Super PACs — mostly the Romney-backing Restore Our Future — spent more than $5.3 million leading up to Iowa’s Jan. 3 caucus. Gingrich blamed the hammering he took for his rapid fall from first in the polls to fourth in the voting. In New Hampshire, the super PACs spent more than $18 million, according to ProPublica, an independent, nonprofit, Internet-based news organization.

In the days leading up to both states’ contests, all available TV commercial time slots were purchased.

The candidates and super PACs spent about $12 million in South Carolina, a far-less-expensive media state. More than $7.6 million of that was by super PACs, according to ProPublica.

Restore Our Future already has spent more money in Florida than the $2.8 million it laid out in South Carolina. Its two most recent Sunshine State buys totaled $3.2 million, bringing its total to more than $4 million here, according to Federal Election Commission records covering campaign spending through Jan. 20.

The super PAC and Romney combined have been spending about $300,000 a week on TV ads in the Orlando market since the last week of December.

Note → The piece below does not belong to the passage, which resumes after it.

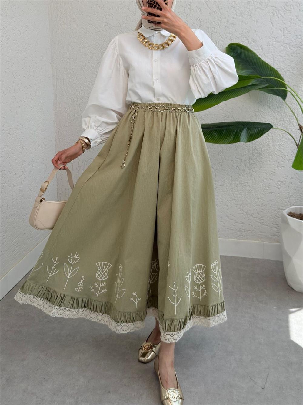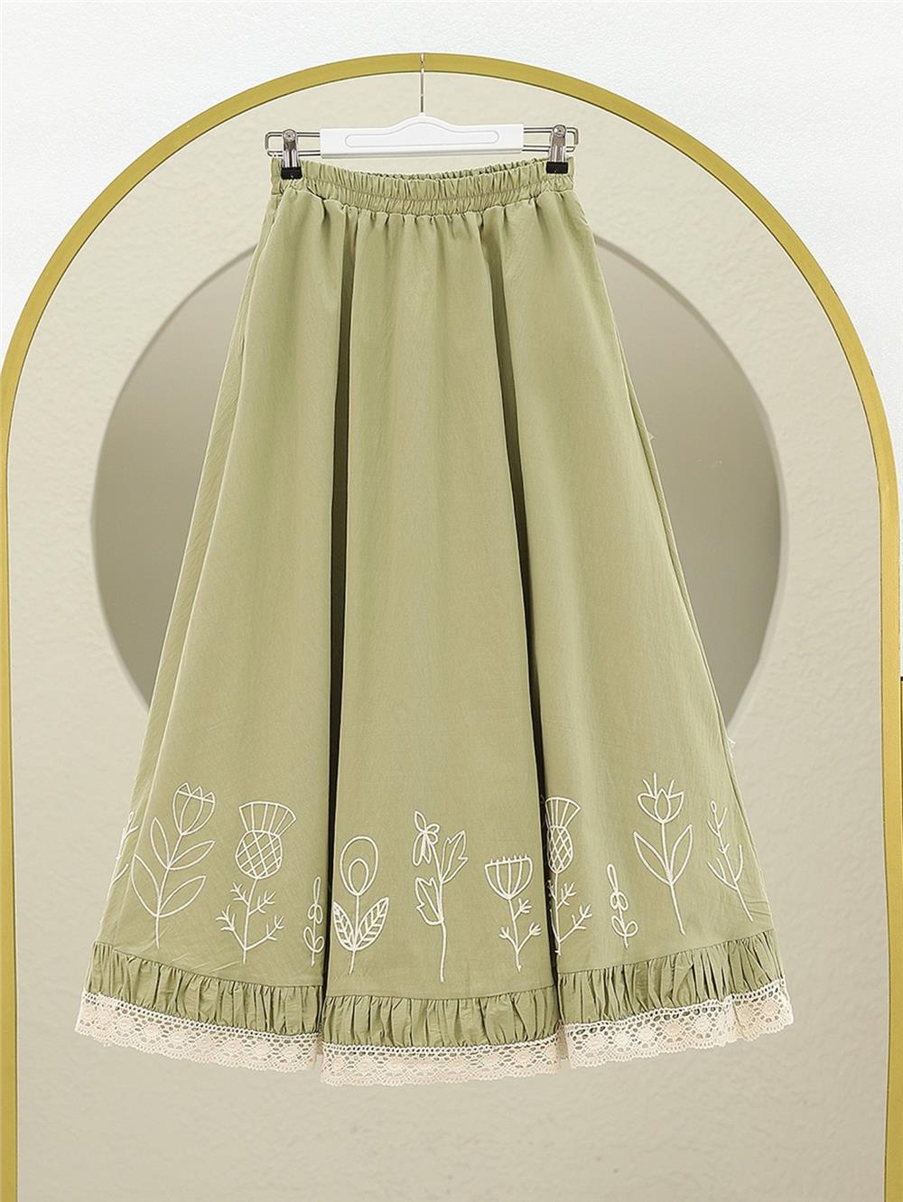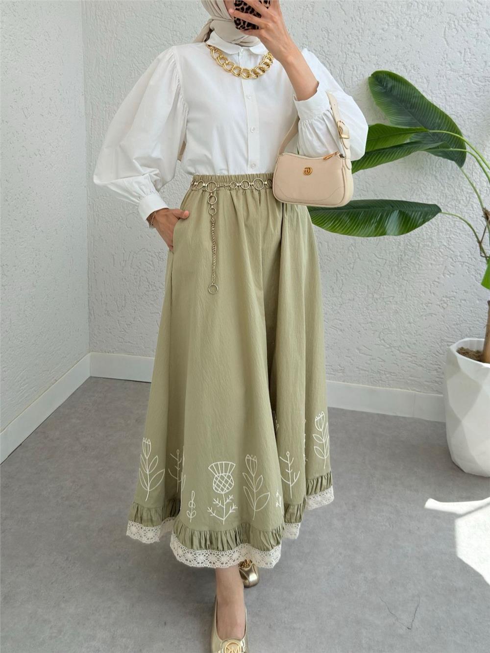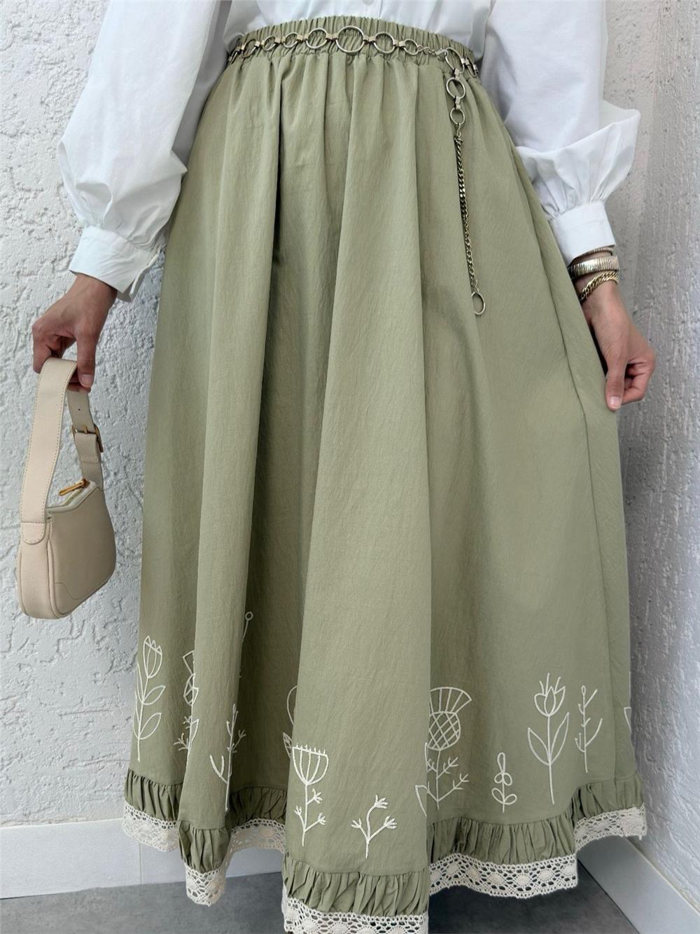 Dantel İşlemeli Beli Lastikli Etek -Çağla Y. (307-2329-R70)

Romney’s ads are gauzy testaments to his “constancy” and 42-year marriage, while Restore Our Future has hammered Gingrich and Santorum as “Washington insiders,” calling Gingrich a man with “more baggage than the airlines.”

Paul’s campaign announced it would skip Florida, but a pro-Paul super PAC, Endorse Liberty, has made a small purchase. That group bought $67,000 worth of time next week on WHDT, an independent TV station serving Miami and West Palm Beach.

Also, the American Federation of State, County and Municipal Employees super PAC, a Democratic-leaning organization tied to the public-employees labor union, is ready to air a reported $800,000 worth of spots attacking Romney’s alleged “corporate greed.” AFSCME had not yet filed its full report with the FEC, but Orlando stations report at least $280,000 worth of time was purchased for spots running Monday through Jan. 31.

The pro-Gingrich super PAC Winning Our Future, backed by a $5 million contribution from casino billionaire Sheldon Adelson, aired the controversial — and factually misleading — 29-minute anti-Romney documentary called “King of Bain” in South Carolina. The film was so widely criticized that Gingrich himself — speaking publicly in Orlando last week to get around the legal prohibition against “coordinating” with the super PAC — told sponsors he wanted them to edit out misstatements or stop airing it.

Gingrich’s super PAC had not purchased any spots in Florida, at least through last Thursday, according to FEC filings. Neither had the pro-Santorum super PAC, the Red White and Blue Fund.